Monday, January 31, 2005

If you notice, you can see that I'd added an additional column to the left.

It's titled "Wish-List", and no prizes for guessing what that means.

It's a list that I'd deliberately made a lil unattainable, though not entirely.

These days, I feel like splurging on myself.

I think the most expensive item that I'd bought for myself to date was probably my first handphone, which cost $200 over.

And I'm really deliberating, deliberating on a N7270 or a luxe item from Tiffany & Co.

It's really sad though, when I have to be the one to buy my first blue box.

My first diamond.

It just loses its special meaning when you're the one buying it for yourself.

Not to mention, you get the additional bolt of guilt when you're the one splurging on yourself, like you shouldn't do so, and should hafta put the money to better use instead, like save for a rainy day, buy an insurance policy, plan for your wedding of a lifetime, etc etc.

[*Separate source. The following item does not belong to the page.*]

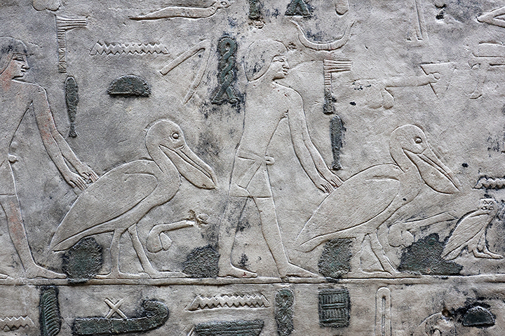 På vores videre færd gennem udstillingen kom vi til en sal, hvor det var større elementer med relieffer, der var udstillet, bla. en relief, der viste opdræt af pelikaner og fremstilling af både af papyrus. Denne relief daterer sig til ca. 2430 f.Kr.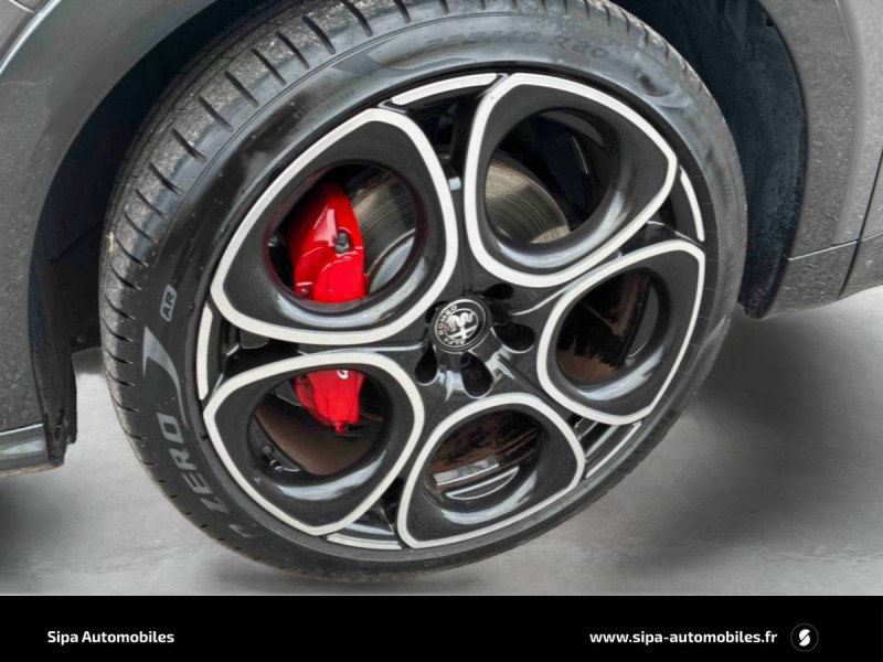 6 airbags (conducteur et passagers AV, latéraux, rideaux, genoux conducteur) / Accoudoir AV intégré dans le tunnel central / Alerte de collision AV / Alerte de rappel de présence sur les sièges AR / Alfa Connected Services / Antenne type requin / Badge Competizione / Banquette AR 60/40 avec trappe à ski / Caméra de recul avec lignes dynamiques / Ciel de toit sombre / Combiné d'instruments digital 12,3" / Coques de rétroviseurs Noir brillant / Détection de fatigue du conducteur / Eclairage d'ambiance 5 couleurs / Ecran infodivertissements 10,25" avec Navigation / Etriers de freins BREMBO peints en rouge / Feux de route automatiques / Freinage d'urgence autonome urbain / Jantes alliage 20" Speciale Scuro Avec pneumatiques été / Kit anti-crevaison / Navigation Europe / Palettes de changement de vitesse en aluminium / Pédalier en aluminium / Peinture Pastel Rouge Alfa / Prises 12V (console centrale et coffre) / Prise USB AR type A + C (Charge) / Prise USB AV type A + C (Charge et données) / Projecteurs Matrix Full-Led adaptatifs avec fonction anti-brouillard / Réglage des lombaires électrique 4 positions du conducteur / Régulateur de vitesse adaptatif intelligent avec lecture des panneaux couplé avec navigation / Régulateur et limiteur de vitesse intelligent avec lecture des panneaux / Rétroviseur intérieur électrochrome / Rétroviseurs et V de calandre noirs / Scudetto finition Dark Miron / Sélecteur de mode de conduite DNA (3 modes + ESC OFF) / Seuils de portes en aluminium / Système d'info-divertissement 10,2" tactile / Tapis de sol AV/AR / Vitres AR privatives / Vitres AV/AR électriques avec fonction anti-pincement / Volant sport en cuir pleine fleur avec bouton de démarrage

But all I really want is Tiffany!!

*whines*

If I'm mad enough, I'll do it, I swear.

Sunday, January 23, 2005

I've just finished my weekend-long birthday celebrations, and I guess it's time for a day-by-day recount.

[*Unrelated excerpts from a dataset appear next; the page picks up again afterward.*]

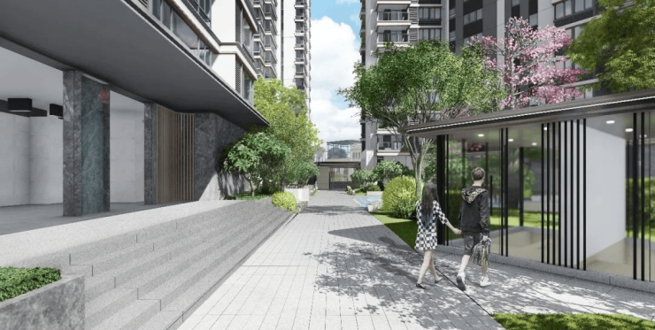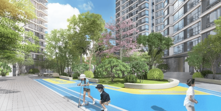 由主题艺术雕塑、情景花园、时尚礼灯精⼼打造⽽成。住⼾既可驻⾜交流互动,也将成为迎接游客的礼仪花园。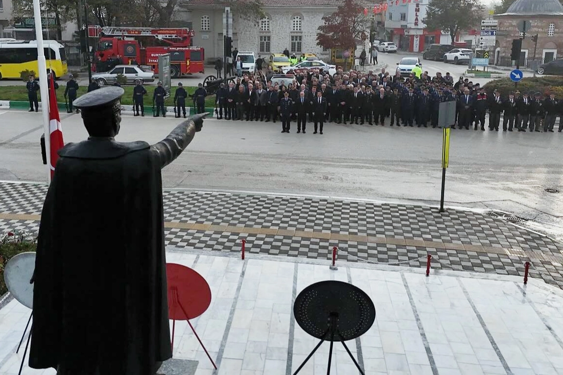 Bursa'nın Yenişehi ilçesinde saat 9’u 5 geçe sirenlerin çalmasıyla adeta zaman durdu. Gazi Mustafa Kemal Atatürk, ebediyete irtihalinin 87’nci yılında Heykel Meydanı’nda anıldı.
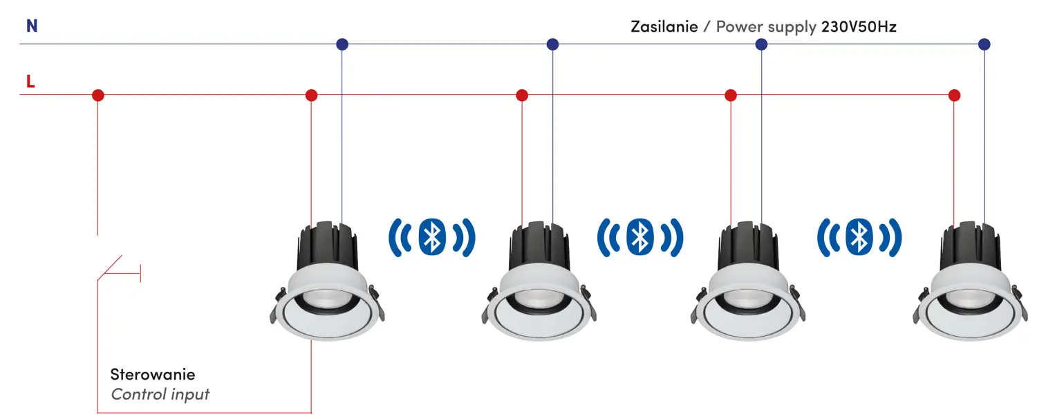 Oprawy oświetleniowe SD Bluetooth są wyposażone w wejście sterujące, które można skonfigurować w różnych trybach. W poniższym przykładzie (schemat 1) wejście służy do regulacji jasności opraw znajdujących się w jednym obszarze, bez konieczności zastosowania dodatkowego okablowania. Napięcie zasilające jest stale obecne na zaciskach wejściowych opraw, a przełącznik jest podłączony do wejścia sterującego tylko jednej z opraw. Ta oprawa, przez Bluetooth, wysyła polecenie do pozostałych odpowiednio skonfigurowanych opraw. To tylko jedno z wielu możliwych zastosowań systemu SDB.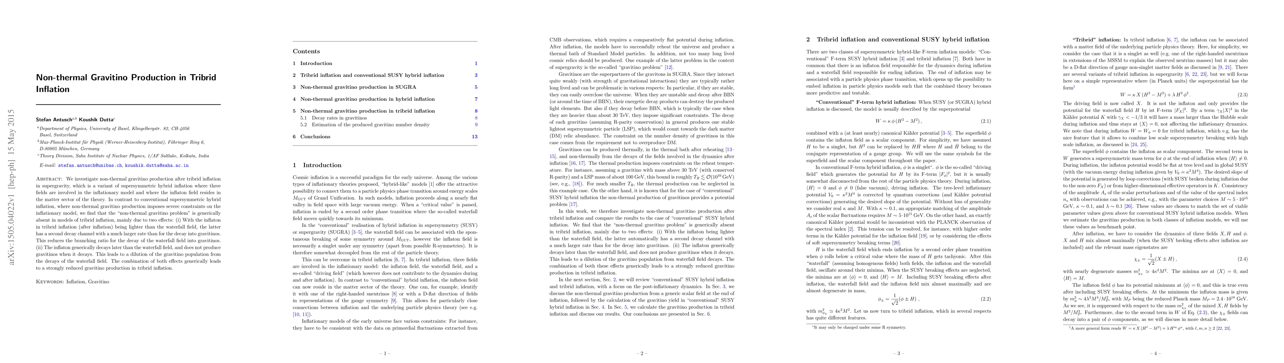This paper explores non-thermal gravitino production in tribrid inflation, finding that the "non-thermal gravitino problem" is typically absent due to the lighter inflaton and delayed decay of the inflaton, which reduces gravitino production.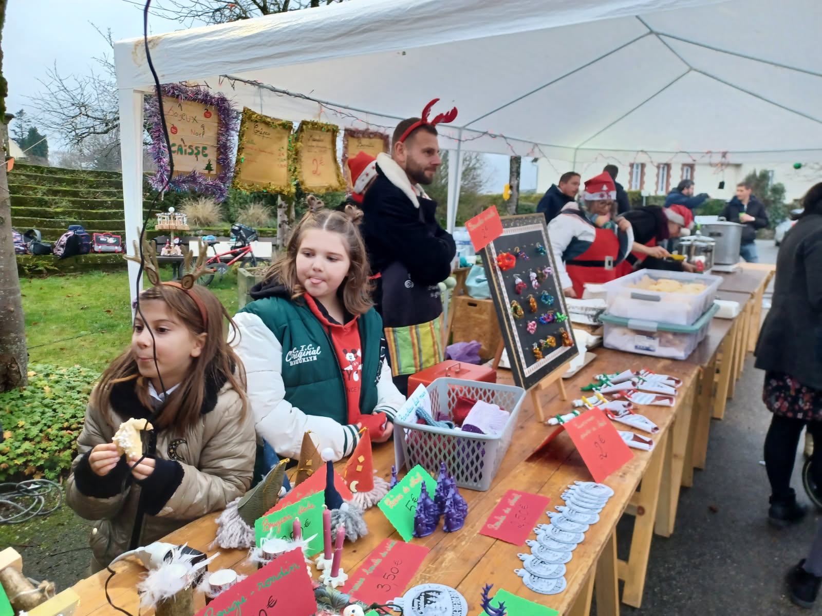 Comme chaque année, les élèves des deux écoles de Caro -l’école publique le Pré Vert et l’école privé Saint-Hervé- ont ouvert le marché de Noël en interprétant plusieurs chants répétés dans leurs classes. Les parents étaient là mais aussi des visiteurs venus faire leurs emplettes de Noël au hasard des stands. Et celui des écoliers a drôlement attiré l’oeil des badauds avec ses « manalas », -célèbre spécialité pâtissière de l’est de la France que l’on déguste pour la Saint-Nicolas- le jus de pomme de Noël, le vin chaud, les crêpes mais aussi une multitude d’objets décoratifs inspirés de Noël et tout ça entièrement fabriqués par les enfants, les parents, l’équipe pédagogique avec pour objectif de financer les sorties scolaires…

But first, I'll start by thanking all those who dropped me a birthday greeting by sms/msn:

- TC
- Suching
- Diana Lum
- Boon
- Yingling
- Adrian
- Jialun
- Marie
- Xueqin
- Mdm (Boss)
- Xinyu
- Ben Wong
- Cheryl
- Edwin
- Lynette
- Jason
- Junling
- Diana Tay
- Weijian
- Karen

Hmm. Hope I didn't miss anyone out.

Of course, this list doesn't include those whom I'd met personally and gave me a birthday handshake/hug/kiss.

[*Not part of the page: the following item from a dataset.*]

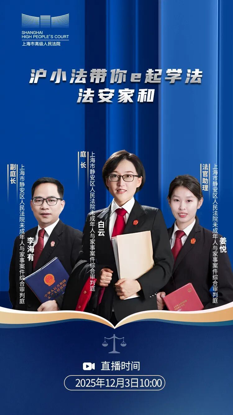 12月3日,宪法宣传日来临之际,上海市高级人民法院主办、上海市静安区人民法院承办的“沪小法带你e起学法·法安家和”公众开放日普法直播,将为你一一揭晓答案。
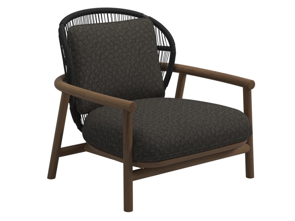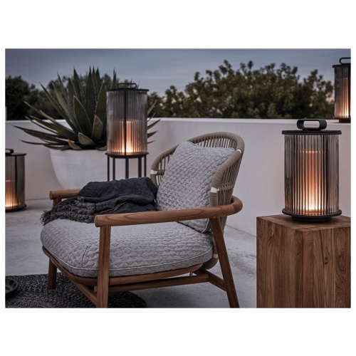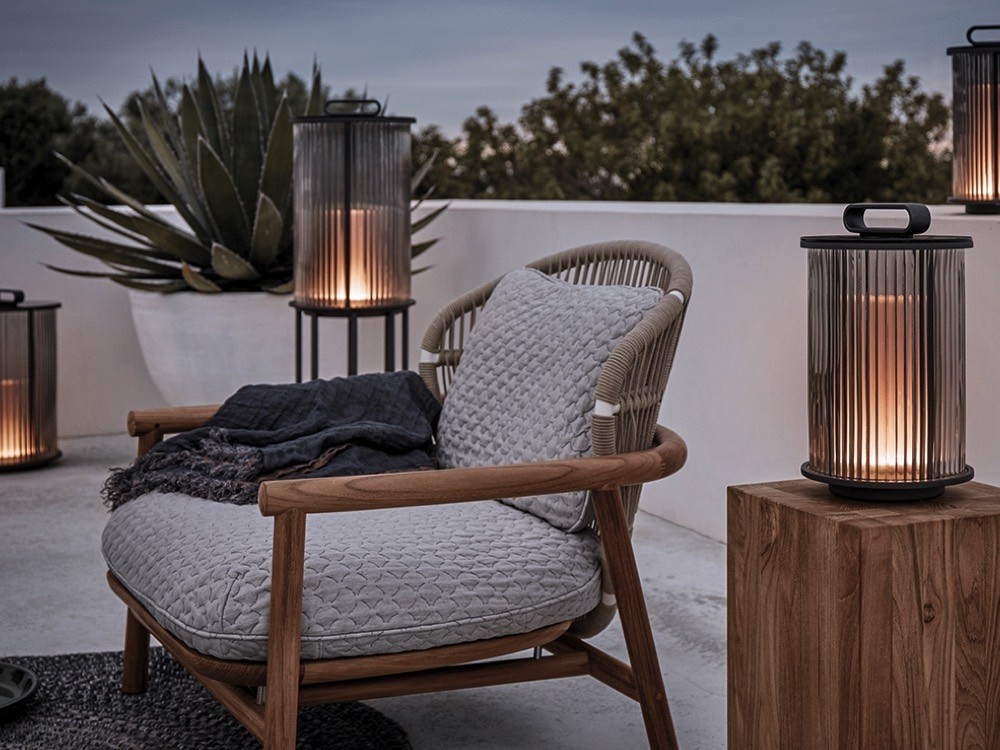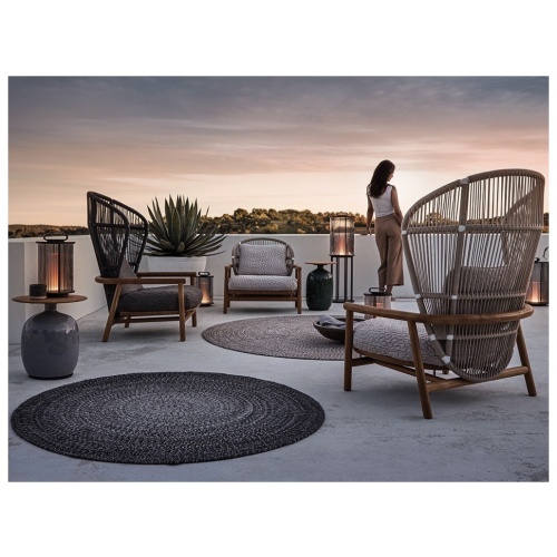Inspired by the delicate fronds of an unfurling leaf, the Fern Chair by Sebastian Herkner is a stately yet cosy outdoor lounge chair. Harnessing natural materials such as teak and rope, it creates the impression that one is being enveloped by Mother Nature herself.

On the eve of my birthday, I stayed at a friend's place and watched AMI after a casual dinner at Billy Bombers. How idyllic.

On my birthday itself, I got sloshed at Phuture after having dinner at a Jap restaurant with my colleagues. Thanks to all those who turned up that night. Despite the pathetic state that I got myself into, I enjoyed myself tremendously.

On the day after my birthday, I met my usual sec sch gal gang and we had a yummy-licious dinner at this new italian cafe place at Raffles City. Can't remember the name of the place though, it's so "chimn" and forgettable. If you're there, try the Lamb Shank, it's gawddamn heavenly!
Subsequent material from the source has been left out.